Pictures do not belong in the copy. Write out exactly the lines from the one containing "20款毛线围脖,手工编织,连帽围脖有教程。" through the end of the data.

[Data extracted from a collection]
——————————

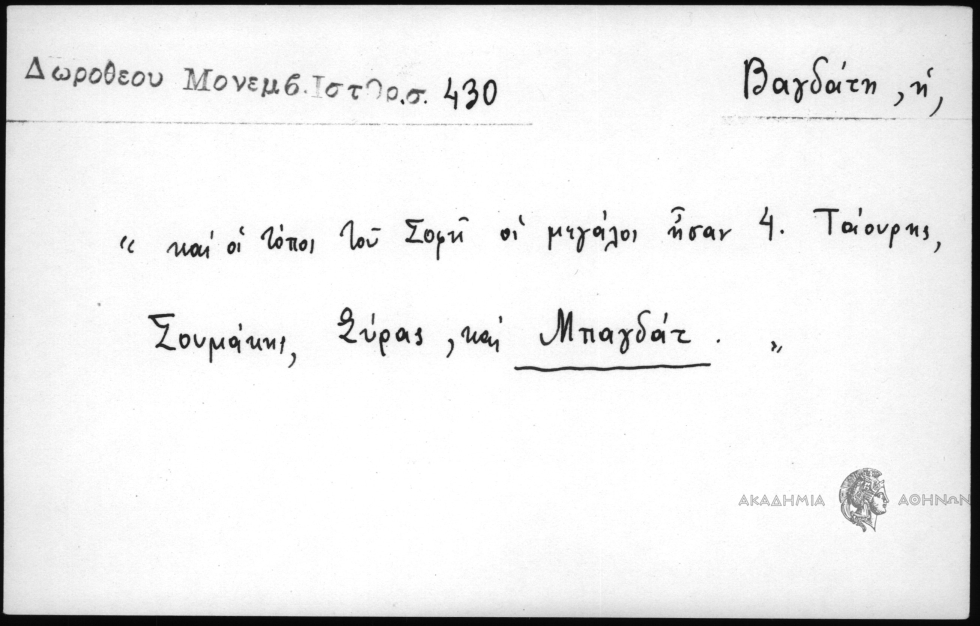 - Προσωπογραφικό και τοπωνυμικό αρχείο (15ος-19ος αι.)
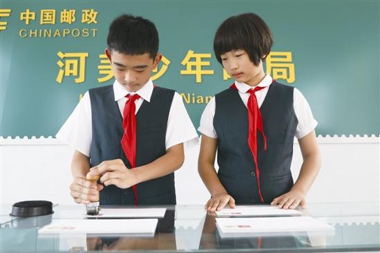 圖為少年郵局的營業(yè)員在蓋郵戳。
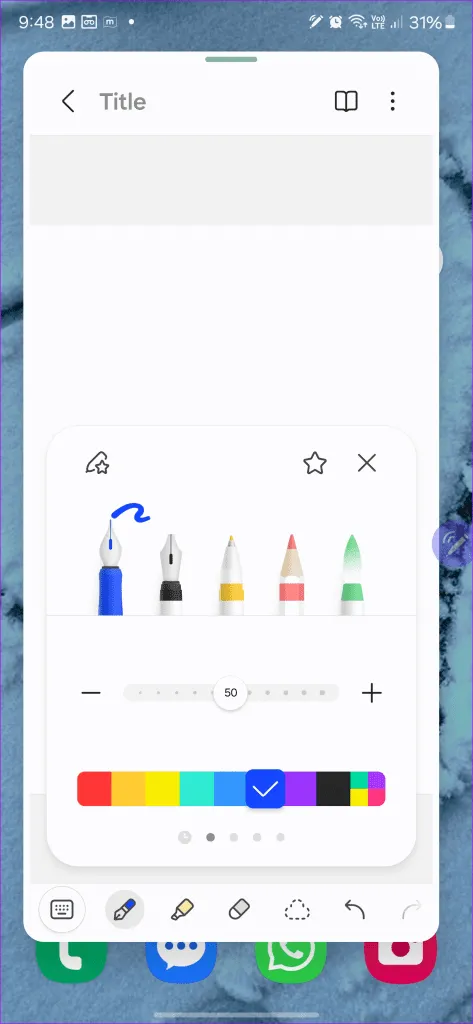 یکی دیگر از ادغام S Pen در صفحه قفل است.سامسونگ آن را «یادداشتهای خاموش صفحه» مینامد و این یکی از ویژگی های ضروری برای یادداشت برداران مکرر است. مرحله 1: Galaxy S24 Ultra خود را بردارید، قلم S Pen را بیرون بیاورید و صفحه قفل شما به یک دفترچه یادداشت تبدیل می شود.به این ترتیب، شما انجام می دهید. مرحله 2: همچنین می توانید رنگ قلم را از منوی بالا تغییر دهید.پس از اتمام کار، قلم S خود را دوباره در شکاف قرار دهید تا گوشی هوشمند یادداشت سریع شما را به طور خودکار در برنامه Notes ذخیره کند..
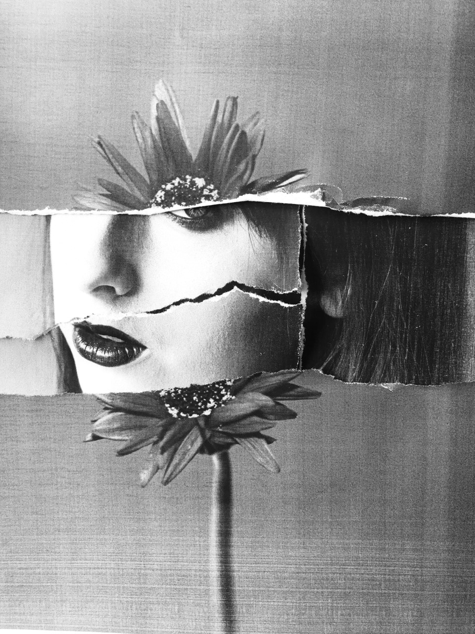 Ripping up the images and putting them back together is a representation of how it feels living with mental health – falling apart whilst trying to hold it together. The overlaying of the flower images not only shows the role nature plays with helping with mental health, but acts as a symbolism, representing what it is like to live with a mental illness.
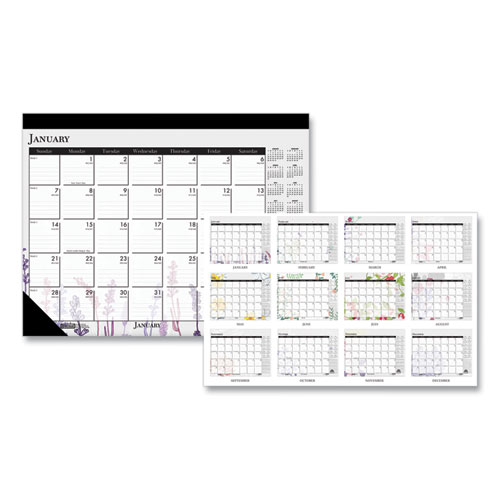 Recycled Desk Pad Calendar, Wild Flowers Artwork, 22 x 17, White Sheets, Black Binding/Corners,12-Month (Jan-Dec): 2025
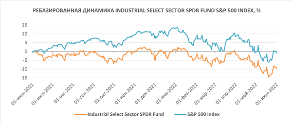 За последние 12 мес. Industrial Select Sector SPDR Fund демонстрировал динамику хуже индекса S&P 500 и просел на 9,7%. Но мы полагаем, что в среднесрочной перспективе инструмент отыграет потери и покажет доходность лучше широкого рынка за счет благоприятной обстановки в оборонном и транспортном секторах, крупнейшие представители которых входят в состав фонда.
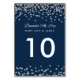 Design élégant "Table Number" de mariage avec Silver Faux Parties scintillant Confetti Marine Blue et texte de numéro de tableau personnalisé.
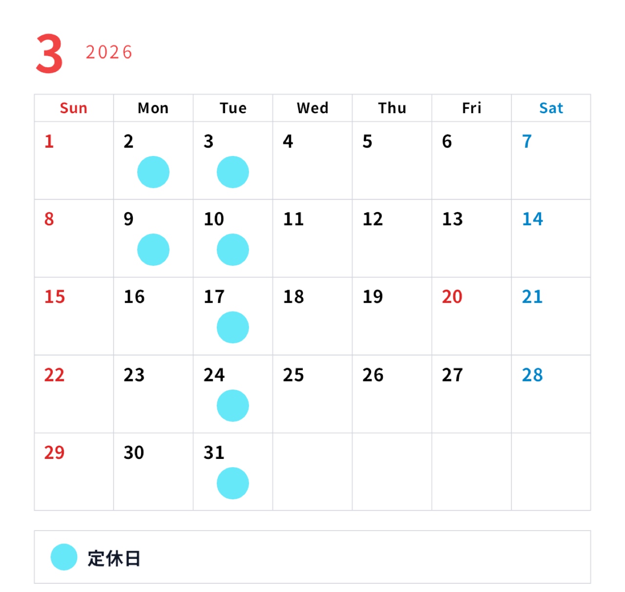 holiday 毎週火曜日+第1第3月曜日
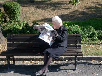 Keywords: newspaper read inform park bench reading a newspaper elderly woman grandma
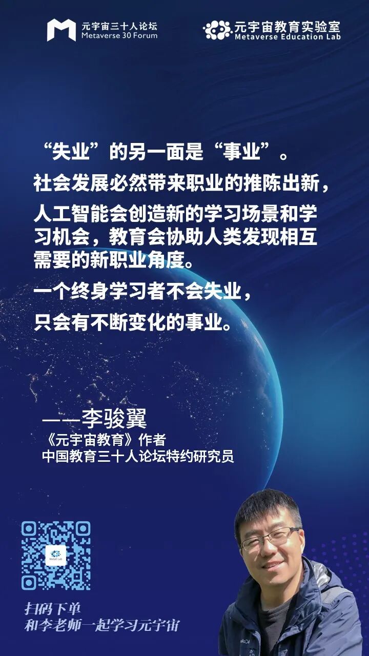 《元宇宙教育》作者、中國教育三十人論壇特約研究員、“育見未來·元宇宙前沿大師課”特邀講師李駿翼老師,針對“智能數字化是否會帶來大規模失業?”的熱點議題提出了看法。他認為,隨著科技的發展和社會的變化,職業必然會推陳出新。但因為教育的存在,每個個體只要保持空杯心態,持續學習,就能保持對社會良好的適應性。教育是幫助人類適應社會變革的最有效的途徑。
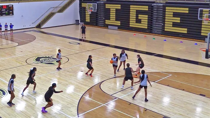- If the ball enters the high post or low post area, multiple players collapse to force the ball back to the perimeter.
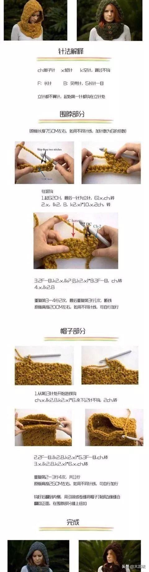 20款毛线围脖,手工编织,连帽围脖有教程。
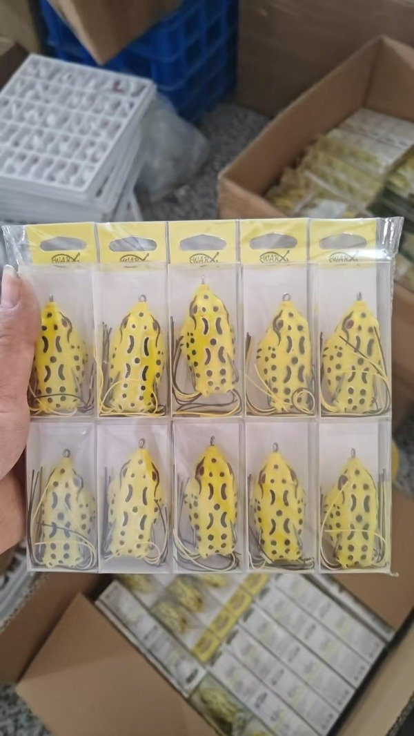 DESCRIPIÓN: se utiliza epecialmente en la pesca de peces depredadores como el bass, para imitar el movimiento de una rana real. Estos señuelos suelen ser blandos y flexibles, lo que les permite moverse de manera natural en el agua, atrayendo a los peces hacia el señuelo. El látex es un material popular porque proporciona una buena acción de natación y resistencia, y los señuelos de rana, en particular, pueden ser efectivos cuando se utilizan en áreas con vegetación densa o en aguas superficiales, donde las ranas suelen estar presentes. El movimiento del señuelo, combinado con su forma realista, puede resultar irresistible para los peces depredadores.
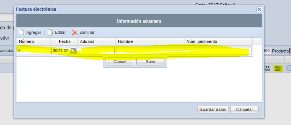 - En caso de que la factura sea sin impuestos se debe agregar los datos de aduana por renglón de producto (fecha, aduana, nombre y núm pedimento).
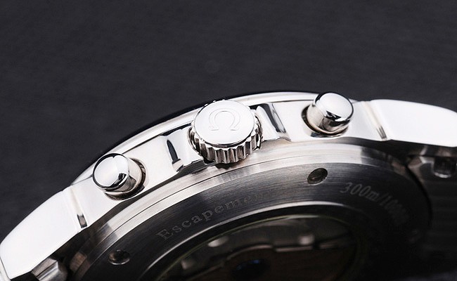 Crown: Poleret rustfrit stål cutwork krone med omega logo plus to ekstra kroner, en på begge sider af det

——————————

=== RESULT OF THIS TASK ===
 20款毛线围脖,手工编织,连帽围脖有教程。
 DESCRIPIÓN: se utiliza epecialmente en la pesca de peces depredadores como el bass, para imitar el movimiento de una rana real. Estos señuelos suelen ser blandos y flexibles, lo que les permite moverse de manera natural en el agua, atrayendo a los peces hacia el señuelo. El látex es un material popular porque proporciona una buena acción de natación y resistencia, y los señuelos de rana, en particular, pueden ser efectivos cuando se utilizan en áreas con vegetación densa o en aguas superficiales, donde las ranas suelen estar presentes. El movimiento del señuelo, combinado con su forma realista, puede resultar irresistible para los peces depredadores.
 - En caso de que la factura sea sin impuestos se debe agregar los datos de aduana por renglón de producto (fecha, aduana, nombre y núm pedimento).
 Crown: Poleret rustfrit stål cutwork krone med omega logo plus to ekstra kroner, en på begge sider af det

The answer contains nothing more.